I'd like the data beneath this line reproduced exactly, without any of its images.

BEGIN Data segment

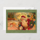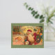 Merry Christmas is displayed. The vintage Christmas image is set against a green ornamental Christmas background to complete this lovely postcard.
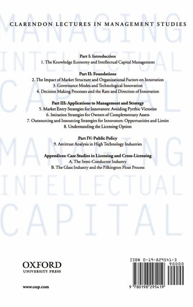* Part I: Introduction * Chapter 1: The Knowledge Economy and Intellectual Capital Management * Part II: Foundations * Chapter 2: Impact of Market Structure and Organizational Factors on Innovation * Chapter 3: Governance Modes and Technological Innovation * Chapter 4: Decision-making Processes and Technological Innovation (with Bercovitz and de Figueiredo) * Part III: Applications to Management and Strategy * Chapter 5: Market Entry Strategies for Innovators * Avoiding Pyrrhic Victories * Chapter 6: Imitation Strategies for Owners of Complementary Assets * Chapter 7: Outsourcing Strategies for Innovators * Opportunities and Limits (with Hank Chesbrough) * Chapter 8: Understanding the Licensing Option (with Peter Grindley and Edward Sherry) * Part IV: Public Policy * Chapter 9: Antitrust Analysis in High Technology Industries (with Mary Coleman) * Appendix * a) The Semiconductor Industry (with Peter Grindley) * b) The Glass Industry and the Pilkington Float Process (with Ed Sherry and Peter Grindley)
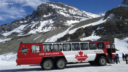 - De Icefields Parkway, de mooiste weg van British Columbia, met een stop bij de Columbia Icefield voor een tocht over de indrukwekkende Athabascagletsjer
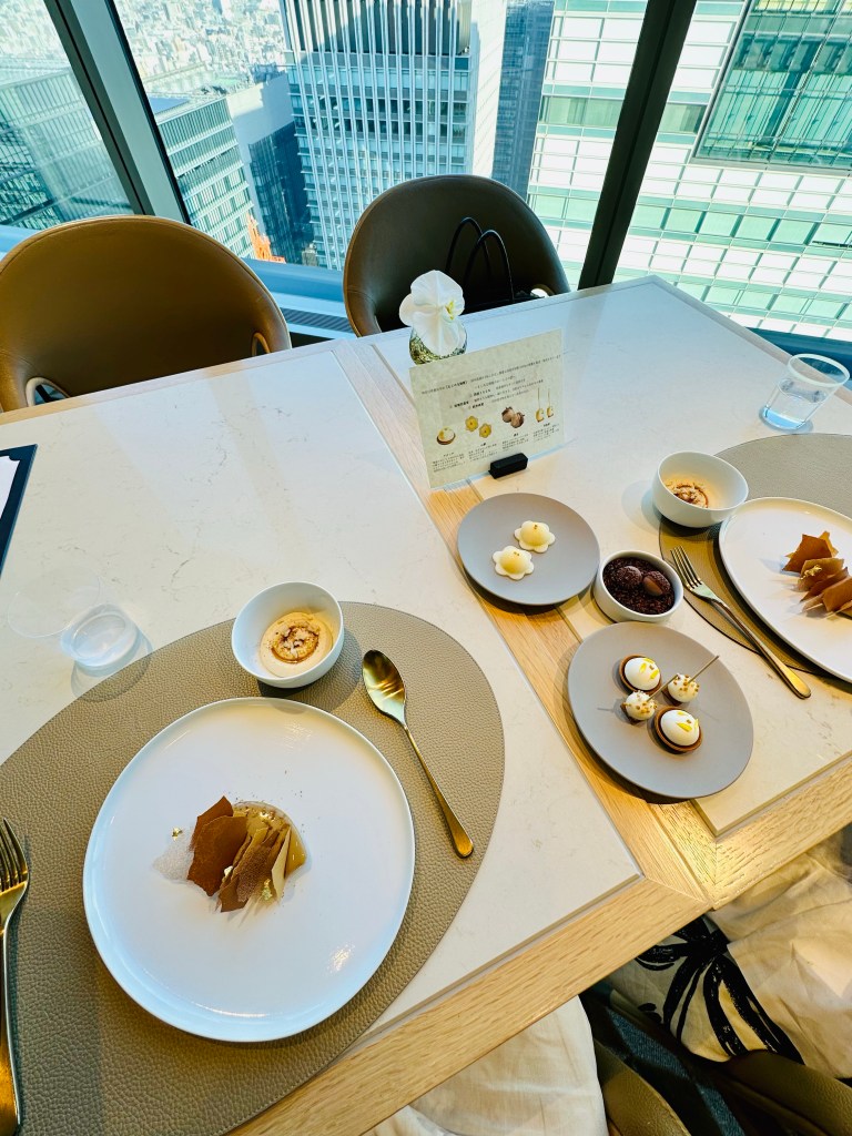 Service is exquisite. Our seats overlooked the financial district with Tokyo Sky Tree off in the distance.

END Data segment

* Solution to this exercise:
 Merry Christmas is displayed. The vintage Christmas image is set against a green ornamental Christmas background to complete this lovely postcard.
* Part I: Introduction * Chapter 1: The Knowledge Economy and Intellectual Capital Management * Part II: Foundations * Chapter 2: Impact of Market Structure and Organizational Factors on Innovation * Chapter 3: Governance Modes and Technological Innovation * Chapter 4: Decision-making Processes and Technological Innovation (with Bercovitz and de Figueiredo) * Part III: Applications to Management and Strategy * Chapter 5: Market Entry Strategies for Innovators * Avoiding Pyrrhic Victories * Chapter 6: Imitation Strategies for Owners of Complementary Assets * Chapter 7: Outsourcing Strategies for Innovators * Opportunities and Limits (with Hank Chesbrough) * Chapter 8: Understanding the Licensing Option (with Peter Grindley and Edward Sherry) * Part IV: Public Policy * Chapter 9: Antitrust Analysis in High Technology Industries (with Mary Coleman) * Appendix * a) The Semiconductor Industry (with Peter Grindley) * b) The Glass Industry and the Pilkington Float Process (with Ed Sherry and Peter Grindley)
 - De Icefields Parkway, de mooiste weg van British Columbia, met een stop bij de Columbia Icefield voor een tocht over de indrukwekkende Athabascagletsjer
 Service is exquisite. Our seats overlooked the financial district with Tokyo Sky Tree off in the distance.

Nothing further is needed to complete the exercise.